A tecnologia está nos ajudando a entender melhor o oceano e suas potencialidades para enfrentar questões urgentes, como o aquecimento global, desastres ambientais, novos tratamentos de doenças e energia renovável

Por Janaína Bumbeer e Jyotika Virmani

Há alguns dias, o mundo soube de uma nova montanha na Terra. Com 3.109 metros de altura, ela é quase oito vezes mais alta que o icônico Pão de Açúcar, no Rio de Janeiro. Mas não é tão fácil de ser vista, por estar escondida no nosso oceano. Seu cume fica quase mil metros abaixo da superfície do mar, de modo que toda a montanha fique em escuridão absoluta, e, mesmo assim, ela abriga vida marinha abundante, que está intacta durante séculos. A descoberta ocorreu durante uma expedição para explorar as águas internacionais da Cordilheira de Nazca, uma cadeia montanhosa no Sudeste do Pacífico, usando tecnologias sofisticadas de mapeamento do fundo do mar a partir de um navio de pesquisa.

Explorar as profundezas marítimas é tarefa difícil, por ser um lugar inóspito para humanos – com altas pressões, um ambiente corrosivo de água salgada e sem luz. Não à toa, mais pessoas estiveram por mais tempo na superfície lunar iluminada pelo sol do que no ponto mais profundo do oceano do nosso planeta. Toda a superfície de Marte é mapeada com mais detalhes do que a do nosso próprio planeta – atualmente, temos um bom mapa de cerca de 47,5% da superfície terrestre.

O oceano possui volume de 1 bilhão de quilômetros cúbicos e uma biodiversidade maior do que a encontrada em terra, cobre 71% do planeta e tem uma barreira que nos impede de ver o que está abaixo da superfície. No entanto, a tecnologia está mudando essa realidade, ajudando-nos a entender melhor o oceano e suas potencialidades para enfrentar questões mais urgentes, como o aquecimento global, desastres ambientais, novos tratamentos de doenças e energia renovável.

Há 170 anos acreditava-se que não havia vida na profundeza oceânica em razão da ausência de luz solar. Hoje, sabemos que não só existe vida, como essa vida marinha existe nos ambientes mais extremos. As fontes hidrotermais habitadas por organismos a mais de três quilômetros de profundidade, descobertas em 1977 por cientistas, hospedam vida que obtém energia a partir de reações químicas, em vez da luz solar. No ano passado, foi descoberto um novo ecossistema animal prosperando em cavidades abaixo dessas fontes. Com tanto para explorar, não nos espanta que tantas novas espécies marinhas sejam encontradas com frequência. Neste ano, apenas nas Cordilheiras de Salas y Gomez e Nazca foram descobertas cerca de 170 novas espécies. Cientistas seguem a procurar outras para serem somadas às cerca de 240 mil espécies marinhas já identificadas, entre 2,2 milhões estimadas pelo Censo Oceânico.

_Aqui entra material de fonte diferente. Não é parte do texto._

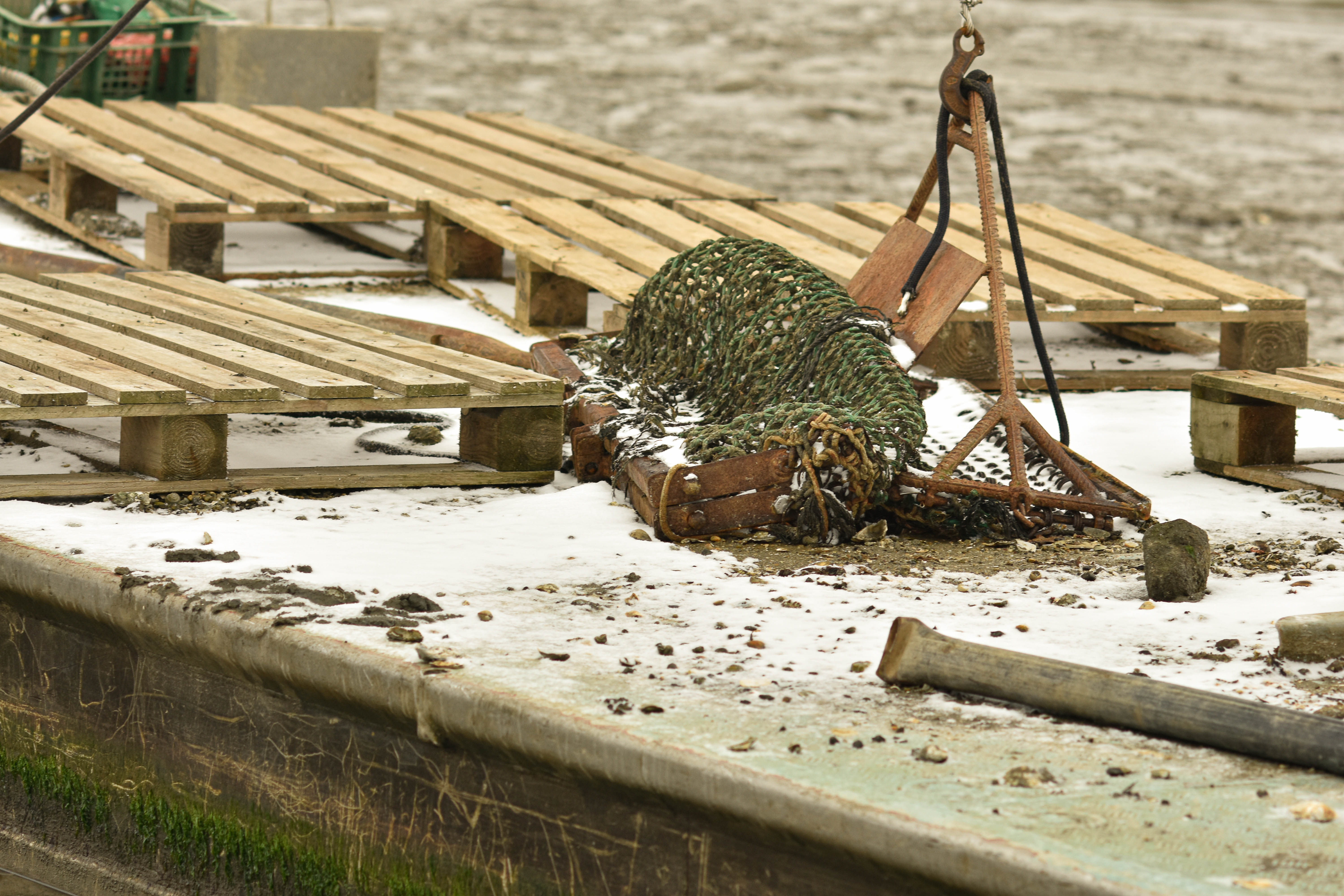 Nous ne voyons pas les parcs en entier, nous faisons les marées équipés de nos « cottes » (terme dérivé de cotte de maille, vu l’encombrement et le poids) et nous faisons semblant de savoir tenir le chaland contre le vent. Avec de l’eau au-dessus du nombril, nos pointes de pieds au sol, il est difficile de croire que, malgré tout l’équipement, nous fassions plus de poids qu’une ancre flottante. Ainsi, quand le patron nous crie « stop » ou bien « écarte », il y a un temps de réaction certain, entre l’erre du bateau que l’on freine, vaille que vaille, en serrant les dents, en se demandant qui du chaland ou de nos bras va l’emporter, et le vent qui tracte en sens toujours inverse, croirait-on. Quand enfin la manoeuvre a réussi (ou presque), nous avons chaud, l’eau de nos manches a coulé dans notre dos, nos pieds sont plantés dans la vase, et nous savons que nous n’avons que 10 secondes de répit avant la prochaine tentative de mouvement.

Os montes submarinos são hotspots de biodiversidade, o que justifica a necessidade de um bom mapa do fundo do mar para encontrar vida. O projeto GEBCO Seabed 2030, da Nippon Foundation, tem a missão de mapear todo o fundo do mar. Atualmente, um mapa de 26% está disponível em alta resolução. O novo monte submarino na Cordilheira de Nazca, juntamente com outros nove montes também mapeados pela primeira vez na mesma expedição, foi descoberto usando sonar, tecnologia que emite ondas sonoras que refletem em objetos submersos, permitindo sua detecção e localização a partir do tempo de retorno dessas ondas.

A base para o desenvolvimento sustentável do oceano vem da pesquisa científica oceânica, que ainda tem um longo percurso a ser explorado, pensando também em pesquisas interdisciplinares que consideram as interações terra-mar, oceano-atmosfera e oceano-criosfera. De acordo com o Relatório Mundial sobre a Ciência Oceânica, da Unesco, a ciência oceânica recebe somente de 0,04% a 4% do total de gastos com pesquisa e desenvolvimento em todo o mundo. Os maiores orçamentos dedicados estão nos EUA, na Austrália, Alemanha, França e Coreia do Sul.

No Brasil, instituições públicas de ensino e fundações de amparo à pesquisa são protagonistas do financiamento científico, porém não há informações consolidadas sobre o montante de investimento, o que compromete ainda mais o setor, conforme alertaram os pesquisadores Roberto de Pinho, Alexander Turra e Jailson Bittencourt de Andrade, em artigo publicado na revista Ciência & Cultura, da Sociedade Brasileira para o Progresso da Ciência (SBPC). As exceções incluem a Fundação Grupo Boticário de Proteção à Natureza, que tem destinado cerca de 25% dos seus investimentos a iniciativas voltadas à proteção de ambientes costeiro-marinhos.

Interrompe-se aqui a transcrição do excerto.